These developments might be thought of as the necessary, though not sufficient, conditions for consensual unification. Even if they were to occur they would only get the two Koreas part way down the road. Moreover, these developments do not necessarily imply progress toward consensual unification. North Korea could adopt the minimalist reform program and reject unification overtures from the South. Indeed, while implementing such a program, the North might feel compelled to limit discussion of unification precisely to prevent system overload and a loss of control.


CONCLUSIONS

How this all plays out depends, at least in part, on the intentions of the North Korean elite. A necessary condition for consensual unification would be a willingness of this elite to countenance a certain degree of reform of current practices. It could be that the Kim Jong-il regime has made the calculation that the best way to preserve their own power and perquisites within the North Korean system is to constructively engage South Korea and the rest of the world, and that moving down the path of economic reform, though risky, presents them with the highest likelihood of ultimate success in preserving themselves within their system. Or, it could be purely opportunistic.

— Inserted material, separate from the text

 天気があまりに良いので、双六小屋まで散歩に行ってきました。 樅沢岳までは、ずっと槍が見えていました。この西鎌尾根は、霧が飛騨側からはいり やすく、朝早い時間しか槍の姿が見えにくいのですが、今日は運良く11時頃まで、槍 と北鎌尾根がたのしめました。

It would be that North Korea intends, essentially, to adopt the techniques of economic reform without adhering to either the ethos of the market economy or to the dominant values embodied in the international system. In this case the US and South Korea could be confronted with a strengthened adversary on the Korean peninsula.

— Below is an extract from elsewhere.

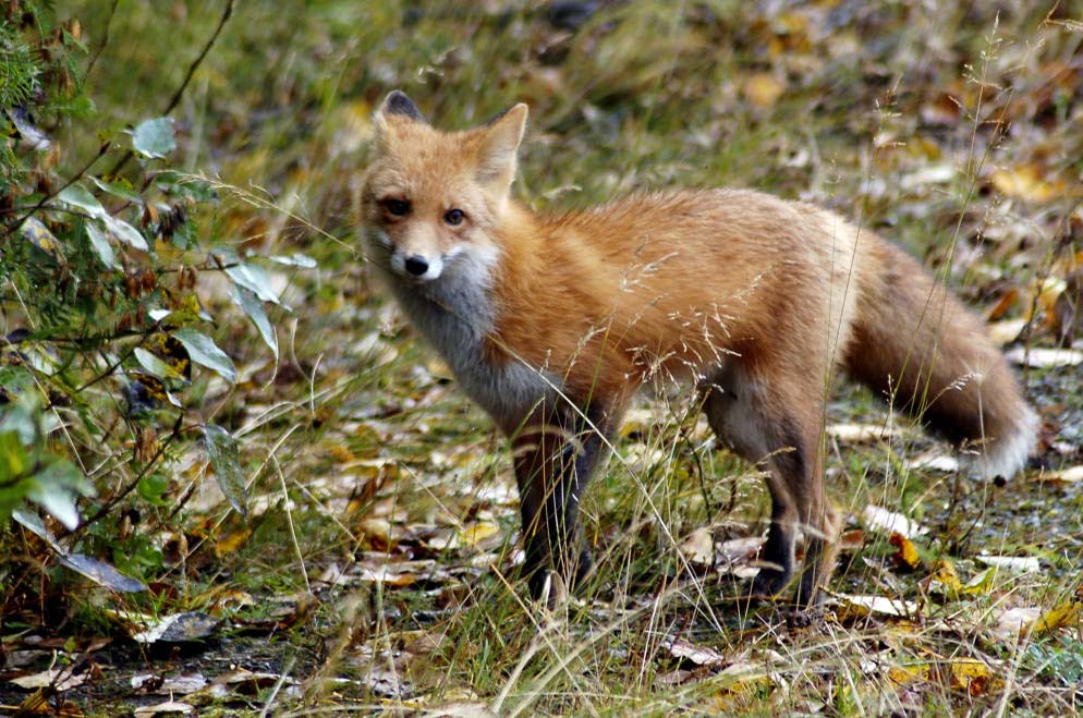 Description Range HabitatThe red fox makes its home in wooded areas, prairies and farmland. DietThe red fox eats a wide variety of foods. It is an omnivore and its diet includes fruits, berries and grasses. It also eats birds and small mammals like squirrels, rabbits and mice. A large part of the red fox's diet is made up invertebrates like crickets, caterpillars, grasshoppers, beetles and crayfish. The red fox will continue to hunt even when it is full. It stores extra food under leaves, snow or dirt. | Life Cycle BehaviorThe red fox is mostly nocturnal, although it will sometimes venture out in the day. The red fox, unlike other mammals, hears low-frequency sounds very well. It can hear small animals digging underground and will frequently dig in the dirt or snow to catch prey. The red fox stalks its prey much like a cat. It gets as close as it can and then pounces and chases its prey. Except for breeding females, the fox doesn't usually use a den. Sometimes it will sleep in the open, wrapping its bushy tail around its nose to stay warm. When it does use a den, it will usually find an abandoned rabbit or marmot den instead of making its own den.

How can we tell? Despite the reported stabilization of the economy (or even its revival), and enhanced revenues from the Hyundai deal, North Korea has increased its reliance on international food assistance. The share of food imported into North Korea has risen from nil in 1994 more than 80 percent today. In other words, concessional assistance has almost completely crowded out imports on commercial terms. Food is fungible and food aid acts as implicit balance of payments support - funds that would have otherwise been expended on food can be spent on other items. The issue is then the preferences of the regime, and in the case of North Korea, in the past year there is reason for unease. According to the South Korean National Defense White Paper (1999), North Korea has increased its reserves of chemical weapons, boosted KPA manpower by 10,000 troops, created a missile division, and added 10 submarines to its fleet. In August 1999 it was revealed that North Korea had purchased roughly 40 aging MiG-21 fighters and eight military helicopters from Kazakhstan. It was subsequently reported that North Korea was trying to obtain more advanced MiG-29 and SU-30 fighters as well. In September 1999, a classified US Air Force report allegedly describing continued North Korean work on its Taepodong missile was leaked to the press. In October, in testimony before the Senate Armed Forces Committee General Thomas Schwartz, the newly appointed commander-designate of US Forces Korea stated that North Korea had accelerated its arms build-up and was forward-deploying artillery and rocket-launchers in underground facilities. In March 2000, Admiral Dennis Blair, Commander-in-Chief US Pacific Forces, indicated that North Korean military exercises during the winter of 1999-2000 had been the most extensive in recent years. Other US military sources indicate that the 2000 summer exercise cycle too, was the most extensive in years.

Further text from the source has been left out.